11 Jul 06. The Wall Street Journal reported that technology and blue-chip stocks went their separate ways Monday. As always lately, the Federal Reserve was near the center of the action.
Concerns that an economic slowdown after more than two years of monetary-policy tightening by the Fed will hurt the profitability of cyclical companies drove investors away from risky tech stocks, which largely depend on growth to keep pushing earnings higher.
The tech-rich Nasdaq Composite Index fell 13.13 points to 2116.93. Semiconductor stocks paced the decline. The Philadelphia Semiconductor Index, a gauge of chip stocks, fell 2.2%, led by a 2% decline by Intel, a component of the Dow Jones Industrial Average.
The blue-chip average gained 12.88 points to 11103.55 after rising as much as 84 points earlier, weighed down by tech components such as Intel and Hewlett-Packard, which fell 2.8%. The Standard & Poor’s 500-stock index added 1.86 to 1267.34.
Alcoa, a component of the Dow average posted second-quarter operating earnings of 86 cents a share after the close, in line with forecasts.
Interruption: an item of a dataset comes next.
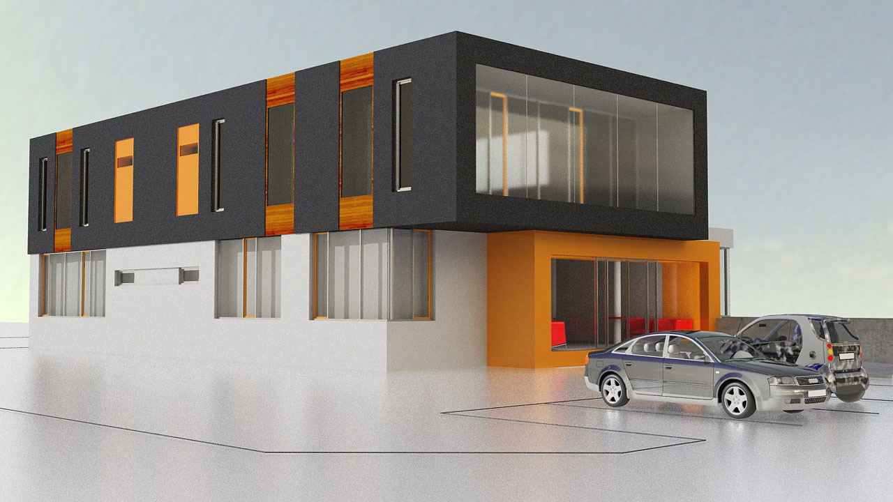 Koncepcja budynku biurowego - siedziba firmy Zakład Robót Inżynieryjnych Chrobok. Bojszowy Nowe.

But its revenue of $7.96 billion fell just shy of forecasts for $8.01 billion, and the stock slid more than 4% in after-market trading, according to Inet.
The market sector was flooded with bad news as the wall Street Journal later reported.
On July 14th the paper reported that New York state Attorney General Eliot Spitzer said he filed a lawsuit in federal court in Manhattan charging memory-chip manufacturers with price fixing.
Separately, California Attorney General Bill Lockyer said he would file a similar action in U.S. District Court for the Northern District of California on the 15th. They will be joined by the attorneys general of more than 30 other states. The suits charge that the chip makers made a secret agreement to raise the prices of their memory chips. DRAMs, for dynamic random access memory chips, are used in computers and consumer-electronics devices.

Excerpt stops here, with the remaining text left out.